As different as the last two photographs look, I took both of them at f/22 using flash. In the bottom view I aimed upward toward the cloudy-bright sky; in the middle photograph I aimed sideways.
⧖
⧖ ⧖
⧖ ⧖ ⧖
⧖ ⧖
⧖
“For the contemporary reader, much of English literature can induce a kind of moral peanut allergy.” That’s one zinger from Michael Lewis’s article in the November 2021 issue of Commentary, “Wokeness and the English Language,” which I recommend.
© 2021 Steven Schwartzman
No poverty in your daily photography accomplishments!
Peter Klopp
October 29, 2021 at 9:23 AM
Thanks so much for your appreciation. I keep chugging away.
Steve Schwartzman
October 29, 2021 at 12:29 PM
Poverty weed seems to be a rather odd name for a plant, and it is also called New Deal weed and Roosevelt weed. I was curious how these common names became applied to this plant, and found a couple sources that state that this plant was used during the Dust Bowl days of the 1930s for soil erosion control. And the 30s were the time of FDR and the New Deal.
Tom Lebsack
October 29, 2021 at 2:30 PM
The explanation I’ve read is that after many homesteaders went broke on the Great Plains in the 1930s and left their properties, Baccharis neglecta was very good at colonizing the abandoned land. I’ve seen it do that along Lake Travis when land that had been underwater got exposed during a drought. The explanation you found seems plausible, too, and the two aren’t mutually exclusive.
Steve Schwartzman
October 29, 2021 at 3:00 PM
Nice set of photos, Steve. I like this plant and always forget its name. I guess I have a ‘poverty’ of memory, for at least some things. 🙂
Tina
October 29, 2021 at 2:49 PM
But now your memory has been enriched and I believe you won’t forget this plant any more. It’s at its peak now, as I can corroborate from wandering around taking pictures of it in Cedar Park this morning.
Steve Schwartzman
October 29, 2021 at 2:55 PM
I saw some in the Hill Country and the area in and around Lost Maples this week.
Tina
October 29, 2021 at 4:49 PM
It’s good to hear you got out for some Hill Country scenery. I gather from the Lost Maples website that most fall color there is still ahead. Is that what you found?
Steve Schwartzman
October 29, 2021 at 5:48 PM
Yes, the maples were green, but sycamore were yellow, Virginia creeper was red and all the grasses and fall bloomers were in fine form. It was gorgeous!! Also visited a native plants nursery just out of Kerrville and snagged some plants I haven’t been able to find here!
Tina
October 29, 2021 at 5:57 PM
Sounds like a lovely and productive visit. Presumably the plants you got in Kerrville will show up in your posts in the years to come. I remember yellow sycamores at Lost Maples from a fall visit years ago. I’m surprised that the Virginia creeper there has reddened already. No such luck so far with the ones in our yard.
Steve Schwartzman
October 29, 2021 at 8:44 PM
Each makes it look as if it’s a different plant completely. I love the first image but, then I love grasses.

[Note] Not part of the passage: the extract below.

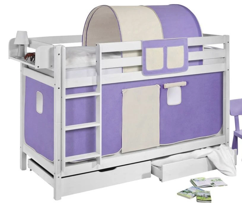 En option, le tunnel, l’étagère, les matelas mousse (de fabrication Européenne épaisseur 14 cm )et le set de 2 tiroirs L 185 x L 85 x H 23 cm par tiroir et l’étagère l 80 cm.
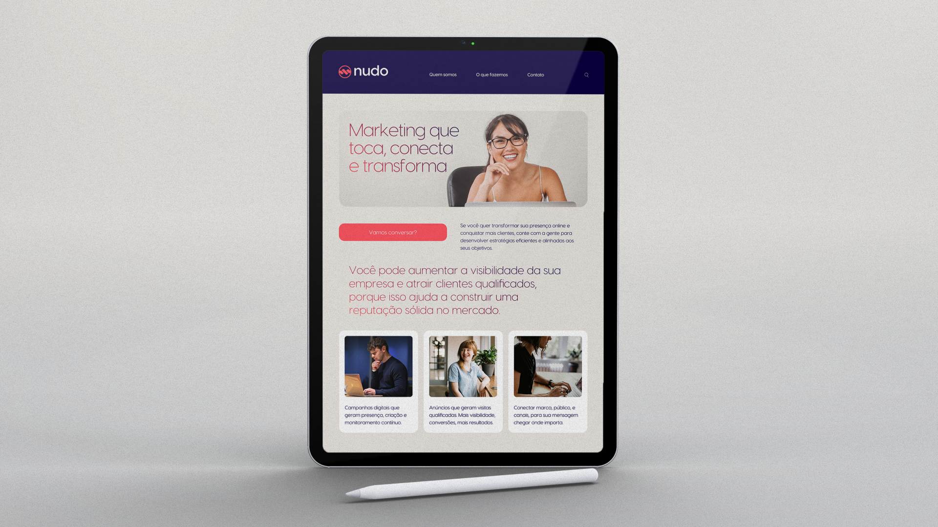 A Nudo é uma agência jovem de marketing que atende empresas em crescimento e pequenos negócios, tornando a presença digital mais acessível e desenvolvendo estratégias eficazes, sempre alinhadas aos objetivos de cada cliente.

I agree with Peter Klopp!! 😀
circadianreflections
October 29, 2021 at 3:07 PM
Unity in multiplicity, we might say, or the parable of the blind men and the poverty weed. These delicate trees are at their peak in Austin now, so I went out taking even more pictures this morning. In a while I’ll follow up on today’s post with one or two more of poverty weed’s looks.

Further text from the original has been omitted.